Thomas Fire now third-largest wildfire in modern California history
Posted December 16, 2017 3:05 a.m. EST
Updated December 16, 2017 11:49 p.m. EST
(CNN) — Thousands of additional residents were evacuated Saturday from areas near the Thomas Fire, now the third-largest wildfire in modern California history.
Fueled by high winds, the massive fire north of Ventura continued growing Saturday. It had burned 267,500 acres by Saturday evening, Cal Fire said. That's up from 256,000 acres on Friday.
The blaze broke out 12 days ago and has killed a firefighter and a woman trying to flee.
Twelve thousand additional people were being evacuated Saturday from areas near the blaze in Santa Barbara County, said the county Sheriff's Office spokesman Brian Olmstead. Meanwhile, mandatory evacuations in Ventura County -- where the fire began-- were lifted Saturday.
Red-flag warnings are in effect for a large swathe of Southern California through late Sunday, with wind gusts of up to 55 mph expected overnight, according to CNN meteorologist Gene Norman.
Strong winds and dry conditions are expected fuel the blaze and increase the chance for new fires. On Saturday, a new fire near Lompoc, known as the Drum Fire, broke out, according to Cal Fire. As of Saturday afternoon it was about 30 acres, Norman said.
The Thomas Fire is slowly devouring its way up the list of the state's largest wildfires. It's now only about 13,000 acres behind the all-time leader, the Cedar Fire, which burned 273,246 acres in San Diego County in 2003, according to Cal Fire.
Despite the strong winds, firefighters have contained 40% of the blaze, up from 35% on Friday. Winds should ease late Sunday night into Monday, allowing for additional containment, forecasters said.

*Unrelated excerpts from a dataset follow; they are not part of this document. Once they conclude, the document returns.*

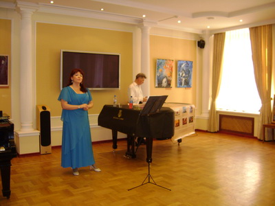 В продолжение вечера состоялся концерт нашей землячки Ларисы Даниловой, композитора, обладательницы редкостного по красоте и тембру звучания голоса – лирико-драматического сопрано, автора многих ярких, мелодичных песен на стихи А.С.Пушкина, С.А.Есенина, Н.М.Рубцова. Родилась она в Тобольске, на родине русского композитора и героя Отечественной войны 1812 года А.А.Алябьева.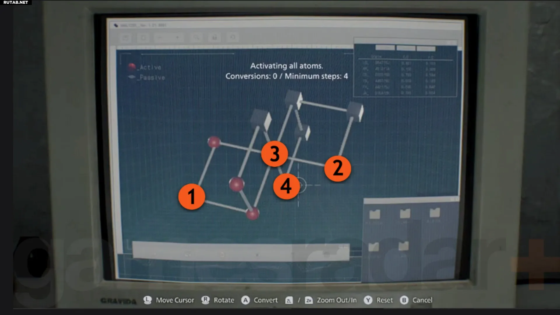 Исходная позиция: нажмите на самый левый атом, затем на правый нижний атом, потом на центральный атом и, наконец, на нижний средний атом. Если вы допустили ошибку, используйте кнопку сброса, чтобы начать заново.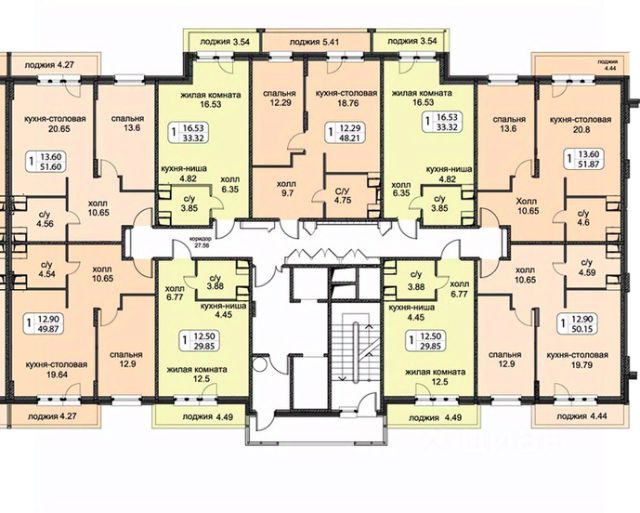 Общая площадь: 53.70 м.кв., Жилая площадь: 31.00 м.кв., Площадь кухни: 16.00 м.кв., Кухня-гостинная

Two deaths linked to fires
Firefighters are mourning the death of one of their own. Cory David Iverson, 32, lost his life battling the Thomas Fire on Thursday.
Iverson was a fire apparatus engineer from San Diego and had been a firefighter with the California Department of Forestry and Fire Protection -- also known as Cal Fire -- since 2009.
He drove a fire engine and was killed on the east flank of the Thomas Fire, Cal Fire spokeswoman Lynne Tolmachoff said.
Iverson was with other crew members when he was killed, she said.
He leaves behind his 2-year-old daughter and a pregnant wife who's due this spring. His death is the first firefighter fatality in the most recent string of wildfires in California.
A woman was also killed in a car crash while evacuating last week, and Cal Fire says it considers her death to be fire-related.
Celebrities thank firefighters for their efforts
On Saturday, some celebrities expressed appreciation to the firefighters battling the massive blaze.
Retired tennis player Jimmy Connors said earlier in the week that the Thomas Fire was threatening his home and thanked the firefighters. He reiterated that sentiment on Saturday.
"Fire once again raging in Santa Barbara," Connors tweeted. "firefighters r amazing- keep them safe!"
Oprah Winfrey, who has a home in Montecito and had tweeted about the fire several days before, added an update.
"Still praying for our little town," she said. "Winds picked up this morning creating a perfect storm of bad for firefighters. #peacebestill"
Actor Billy Baldwin tweeted his sentiments on Saturday.
"Say some prayers for these people and the brave firefighters," he wrote.